As if the past would come back to shame me, as if... what if this is my opportunity to fix everything? Maybe, with my death I can change it. I can save Laurel. The light came, I felt liberated from my own self-shaming, guilt and I knew what I have to do. I found my answer: yes, I can love. I am not under my sister's curse. I am free.
"Tonight I'm leaving. I can't watch you killing yourself..." word followed word, than I turned to her, I held her face in my hand, felt the skin under mine, before I tried to kiss her. Somehow I hesitated, if it's right, but she than had the courage to finish what I've started.
Gratitude. The feeling of thankfulness overwhelmed me. Laurel taught me to love again, to trust again, to follow my duties and don't be afraid of embracing who I am with all of my mistakes. She showed me, how I can find my own faith again. This is what I will return tonight, I'll be there and I won't run. I made my decision, I'll take her place.
Michael, don't! Stop, I don't want your death! I wasn't thinking that seriously, stop it, brother!
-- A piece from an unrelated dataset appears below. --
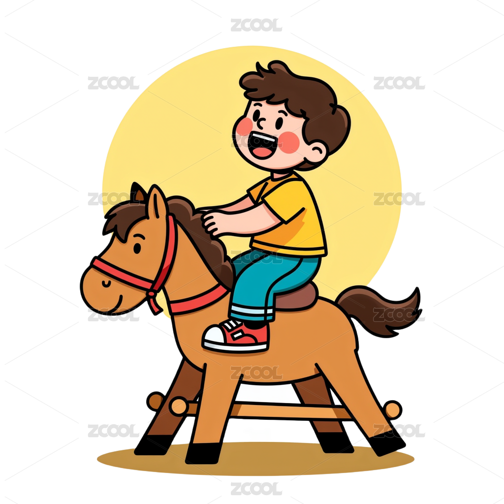 卡通男孩骑木马玩具开心大笑小朋友儿童插画

Right from the ether I heard the crying familiar sound. My sister, I can hear her. How is that possible? After eons of years, she broke the silence.
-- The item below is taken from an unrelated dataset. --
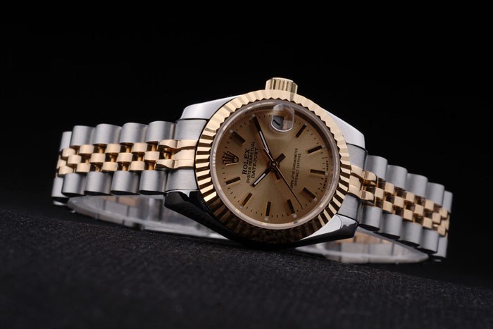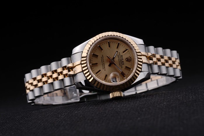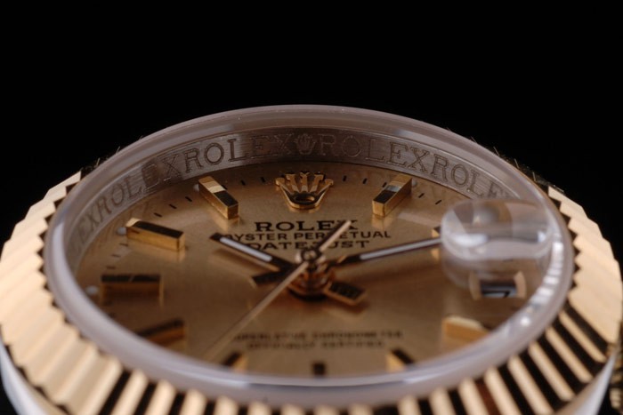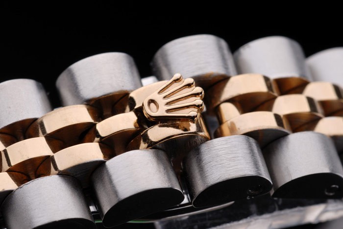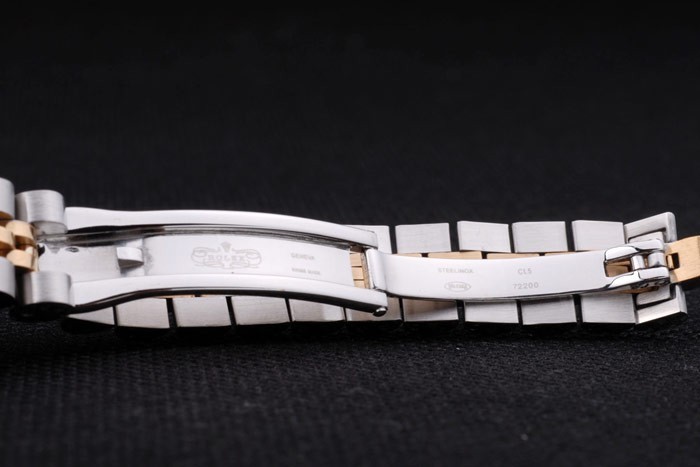 Caso de aço inoxidável: Pulseira: Duas pulseiras de links em aço inoxidável polido e aço amarelo 18k de aço banhado a ouro com Gravura de Rolex Clasp escondido exibindo o logotipo Rolex

I won't change my mind. You found your place in Vega, now I found mine here.
No, you can't do this! What about Becca? I thought you love her! So all of this was vanity? How dare you! Put yourself together, my bastard brother!
Wait, how can you talk to me, when you're mortal in your body?
After Laurel was gone, her voice turned lauder and lauder.
Oh, if I'd tell you, you'd start your self-pity party, and I've had enough of that. I've saved Becca, because she is my best friend, now I am in the Ether sphere, as I can't function in my body without celestial, divine light. And soon this self of mine will also perish. What were you thinking? She hadn't got any motivation of killing you, she was threatened by that snake evil Whele. And you've thought Samael is the pure darkness. You haven't seen a thing bro. Now go back, and tell those idiots who keep me trapped, to stop it and let me go.
To hear her scolding made me scared. She is in greater danger than I assumed. The idea of Becca alive gave me a fresh scar, I can't look into her eyes again, after this kiss.
We can talk about your foolish habits after Shawn accepts my death and if I'll be there.
Of course you will. I'm not letting you die either, my idiot sister.
Without celestial light I'd watch the show you saving me.